The realtek sound manager on my computer looks as shown in the attached picture. It shows microphone both on the top & the bottom panels.

What does yours look like?


----------



## Niram (Jun 20, 2009)

almost the same, but I don't have the line in/mic in option, just audio input and digital input... and no microphone on top, just line ins and colored jacks

and when I select the stereo mix it records the music on my comp full sound, the windows recorder jumps like a mofo and records the full sound from the speakers, but absolutely none from me and my voice


----------



## Balious (Oct 31, 2009)

> Your issue is not clear to me. What software are you using to record sounds? Can you select stereomix or microphone from within the software?


I use Fraps to record videos and no I can't select anything in there about mic or stereo mix. Just has the options of Detect best sound input and Use Windows input for it.

I had rebuilt my computer since I last posted and haven't used the link again. I figured as stereo mix is my problem with recording I post it in here.

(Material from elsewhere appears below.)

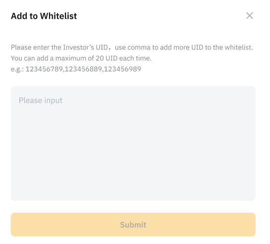 第 2 步:在弹出窗口中输入投资者 UID(如需输入多个 UID,需使用英文逗号隔开),然后点击提交。

I am right now using HDMI sound. I can seem to record sound and my microphone together without killing anyones ears. But the problem I have now is the microphone seems above average for sound while the ingame sounds can rarely be heard. Basically I want to make the ingame sound a little more louder so it be perfect for recording. I tried turning the volume on my devices lower to max but it doesn't do anything.


----------



## vb10000 (Dec 15, 2009)

Are you sure that you have loaded the latest & correct Realtek drivers?

Other than that I have exhausted my knowledge on this matter. I suggest you keep emailing Realtek until they respond with a solution. For my email on one day, I usually got a response from them the next morning.

Good luck!!


----------



## vb10000 (Dec 15, 2009)

I just downloaded the latest audio codecs from realtek.com. The file name is "WDM_R240.exe" & it is meant for Windows XP. Here is the realtek link: 

http://www.realtek.com/downloads/downloadsView.aspx?Langid=1&PNid=24&PFid=24&Level=4&Conn=3&DownTypeID=3&GetDown=false


----------